Ce qui nous déplait en revanche, au-delà des programmes qui ne sont que des mots, c’est la ligne stratégique. A nos yeux, elles priment sur les plus beaux discours. C’est pour cela que nous avons défendu Martine Aubry en interne, puis François Hollande dans la campagne. Nous avons des différends avec eux, ce n’est pas un scoop. Mais, successivement, ils nous sont apparus comme les deux seuls candidats susceptibles de battre Sarkozy. Et c’est ce qui nous importe au premier chef, comme à des millions de salariés qui ne votent pas pour un programme, mais pour éviter le pire. Ceux qui se gaussent d’un tel discours méprise le peuple, puisque ils passent par pertes et profits l’aspiration le plus forte du salariat de notre pays : chasser Sarkozy et sa clique d’intégristes libéraux. Ces beaux-parleurs oublient que l’élection du président au suffrage universel est une parodie de démocratie. C’est un scrutin bonapartiste qui dépolitise les personnes en personnalisant la politique. Tant qu’elle existera, c’est-à-dire tant que nous n’aurons pas détruit les institutions antidémocratiques de la Vème République, jamais une telle élection ne pourra accoucher de l’expression chimiquement pure de la volonté populaire. Nous ne pouvons que l’utiliser pour défaire nos ennemis les plus menaçants. Ce ne sera déjà pas si mal…

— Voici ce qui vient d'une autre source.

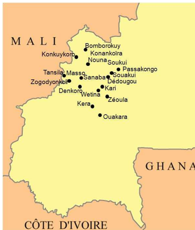
Figure 3 - Localisation des villages visités dans la Boucle du Mouhoun
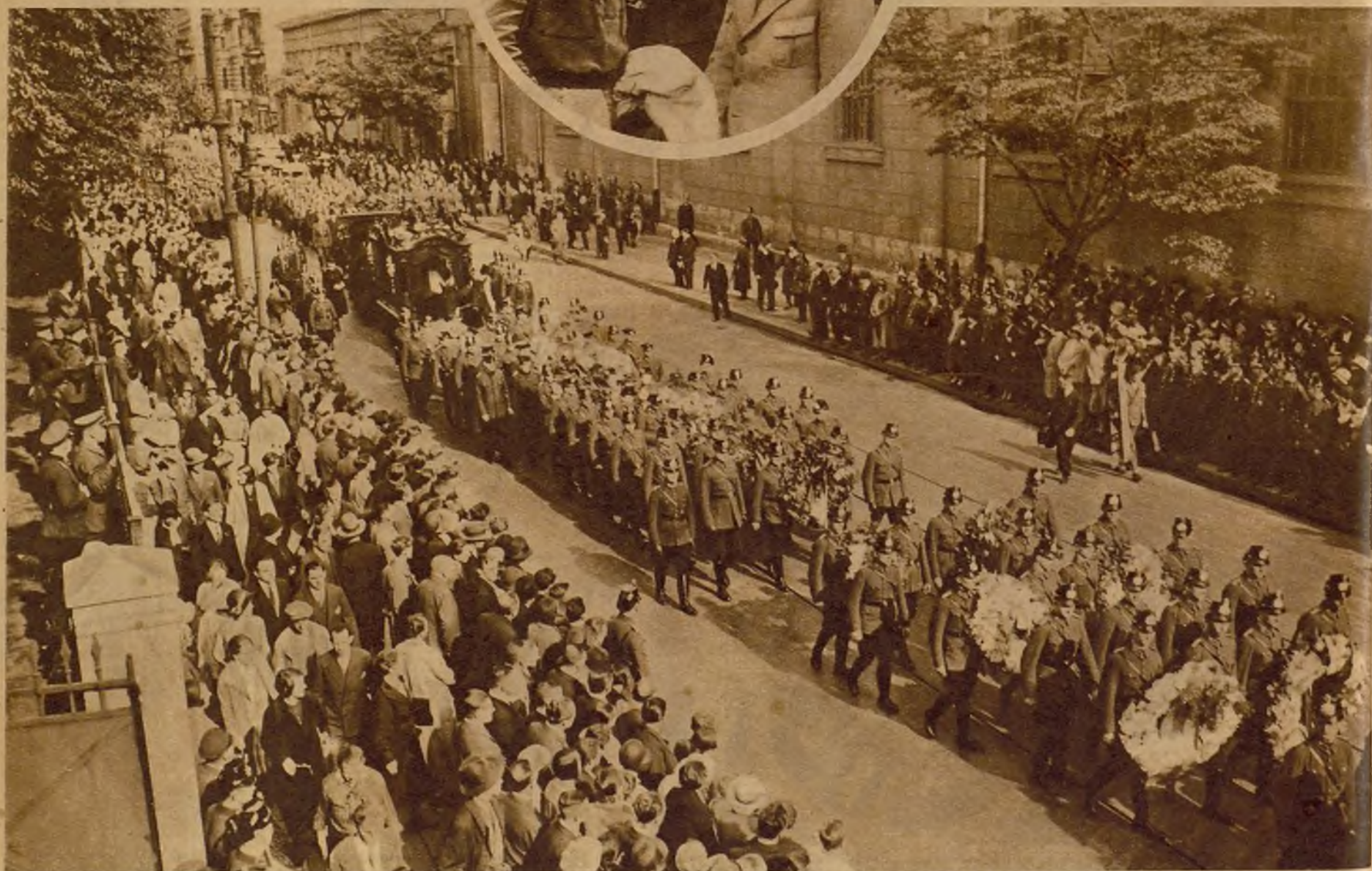
Impponente cortejo que acompañó al cementerio de Berlín a los cadáveres de los aviadores muertos durante el "raid" de la vuelta aérea a Alemania.

C’est pour cela que Mélenchon, malgré un campagne de grande qualité, sera loin du candidat socialiste le 22 avril, tout comme Montebourg a finalement recueilli deux fois moins de suffrages qu’Aubry ou Hollande le 9 octobre dernier. L’aspiration des salariés à l’unité est la plus profonde car ils en ressentent le besoin impérieux presque instinctivement dans leurs entreprises, dans leurs établissements, dans leurs luttes et même dans leur vie quotidienne. Ceux qui méprisent cette aspiration sont condamnés par l’histoire. Il n’y a qu’une seule gauche, qu’il faut homogénéiser, densifier, organiser et radicaliser. Le camarade Jean-Luc se trompe en se présentant comme le candidat de « l’autre gauche ». Tant qu’il persistera dans son erreur, il se contentera d’être un brillant, mais éternel second. C’est peut-être présomptueux de notre part, mais nous, nous voulons la première place. Nous ne craignons pas de la disputer aux sociaux-libéraux et aux sociaux-démocrates car nous savons que le programme que nous défendons avec d’autres au sein de toute la gauche est largement majoritaire chez les salariés.